### Supplied material
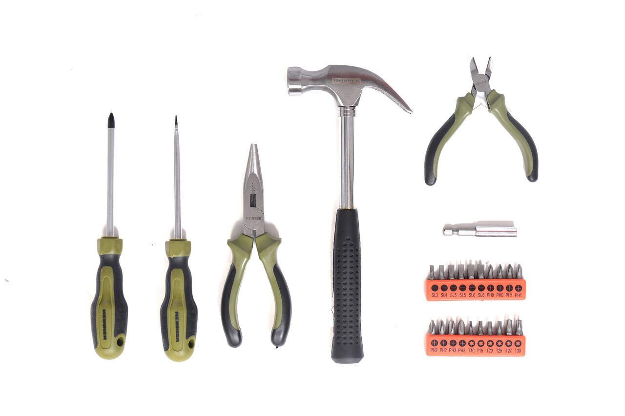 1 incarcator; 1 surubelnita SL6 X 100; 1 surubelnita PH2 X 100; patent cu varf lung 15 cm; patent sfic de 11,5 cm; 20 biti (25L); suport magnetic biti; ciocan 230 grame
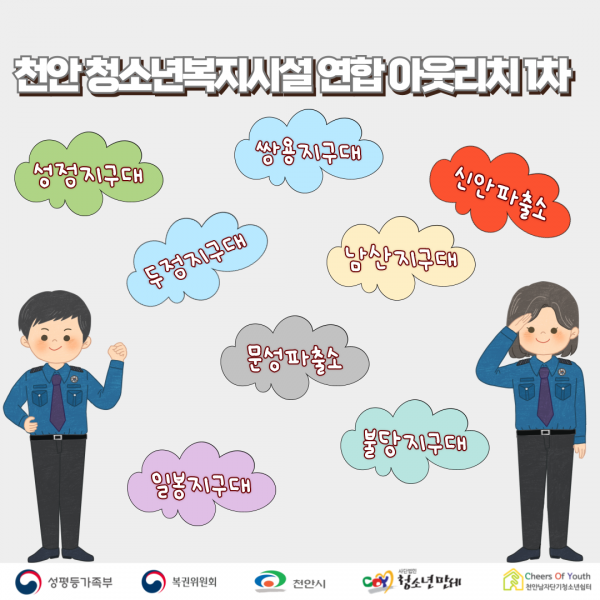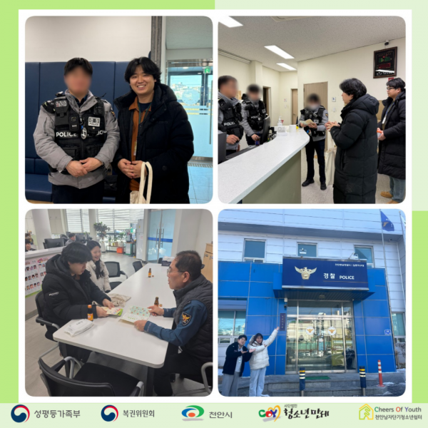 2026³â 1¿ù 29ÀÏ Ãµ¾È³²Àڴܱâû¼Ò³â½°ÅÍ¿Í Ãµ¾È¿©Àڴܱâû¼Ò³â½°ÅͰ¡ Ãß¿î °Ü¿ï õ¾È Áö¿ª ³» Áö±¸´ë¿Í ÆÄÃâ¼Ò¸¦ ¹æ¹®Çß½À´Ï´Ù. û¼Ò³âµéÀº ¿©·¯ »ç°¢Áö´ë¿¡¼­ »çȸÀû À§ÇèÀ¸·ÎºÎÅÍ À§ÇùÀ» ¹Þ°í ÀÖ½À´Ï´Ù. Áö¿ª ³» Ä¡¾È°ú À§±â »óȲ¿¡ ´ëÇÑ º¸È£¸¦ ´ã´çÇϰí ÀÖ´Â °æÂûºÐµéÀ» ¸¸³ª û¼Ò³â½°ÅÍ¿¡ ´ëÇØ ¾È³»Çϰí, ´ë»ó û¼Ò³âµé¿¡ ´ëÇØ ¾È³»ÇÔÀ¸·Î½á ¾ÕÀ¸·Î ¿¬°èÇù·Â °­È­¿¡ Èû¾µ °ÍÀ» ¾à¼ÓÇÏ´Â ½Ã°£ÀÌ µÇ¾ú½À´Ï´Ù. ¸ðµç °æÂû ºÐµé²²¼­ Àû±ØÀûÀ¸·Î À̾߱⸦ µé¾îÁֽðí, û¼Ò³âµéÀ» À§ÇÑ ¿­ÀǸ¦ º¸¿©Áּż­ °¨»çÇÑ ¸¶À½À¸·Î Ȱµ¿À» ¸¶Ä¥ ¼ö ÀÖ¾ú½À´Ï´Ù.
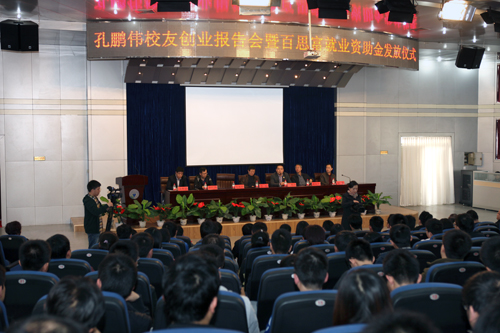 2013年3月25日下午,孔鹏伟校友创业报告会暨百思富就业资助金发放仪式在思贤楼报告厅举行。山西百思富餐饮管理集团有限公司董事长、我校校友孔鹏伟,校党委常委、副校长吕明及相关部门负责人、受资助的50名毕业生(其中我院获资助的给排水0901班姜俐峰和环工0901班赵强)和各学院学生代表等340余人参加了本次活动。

### How to complete this task
Copy out every line above, word for word, minus images.

### Answer below
 1 incarcator; 1 surubelnita SL6 X 100; 1 surubelnita PH2 X 100; patent cu varf lung 15 cm; patent sfic de 11,5 cm; 20 biti (25L); suport magnetic biti; ciocan 230 grame
 2026³â 1¿ù 29ÀÏ Ãµ¾È³²Àڴܱâû¼Ò³â½°ÅÍ¿Í Ãµ¾È¿©Àڴܱâû¼Ò³â½°ÅͰ¡ Ãß¿î °Ü¿ï õ¾È Áö¿ª ³» Áö±¸´ë¿Í ÆÄÃâ¼Ò¸¦ ¹æ¹®Çß½À´Ï´Ù. û¼Ò³âµéÀº ¿©·¯ »ç°¢Áö´ë¿¡¼­ »çȸÀû À§ÇèÀ¸·ÎºÎÅÍ À§ÇùÀ» ¹Þ°í ÀÖ½À´Ï´Ù. Áö¿ª ³» Ä¡¾È°ú À§±â »óȲ¿¡ ´ëÇÑ º¸È£¸¦ ´ã´çÇϰí ÀÖ´Â °æÂûºÐµéÀ» ¸¸³ª û¼Ò³â½°ÅÍ¿¡ ´ëÇØ ¾È³»Çϰí, ´ë»ó û¼Ò³âµé¿¡ ´ëÇØ ¾È³»ÇÔÀ¸·Î½á ¾ÕÀ¸·Î ¿¬°èÇù·Â °­È­¿¡ Èû¾µ °ÍÀ» ¾à¼ÓÇÏ´Â ½Ã°£ÀÌ µÇ¾ú½À´Ï´Ù. ¸ðµç °æÂû ºÐµé²²¼­ Àû±ØÀûÀ¸·Î À̾߱⸦ µé¾îÁֽðí, û¼Ò³âµéÀ» À§ÇÑ ¿­ÀǸ¦ º¸¿©Áּż­ °¨»çÇÑ ¸¶À½À¸·Î Ȱµ¿À» ¸¶Ä¥ ¼ö ÀÖ¾ú½À´Ï´Ù.
 2013年3月25日下午,孔鹏伟校友创业报告会暨百思富就业资助金发放仪式在思贤楼报告厅举行。山西百思富餐饮管理集团有限公司董事长、我校校友孔鹏伟,校党委常委、副校长吕明及相关部门负责人、受资助的50名毕业生(其中我院获资助的给排水0901班姜俐峰和环工0901班赵强)和各学院学生代表等340余人参加了本次活动。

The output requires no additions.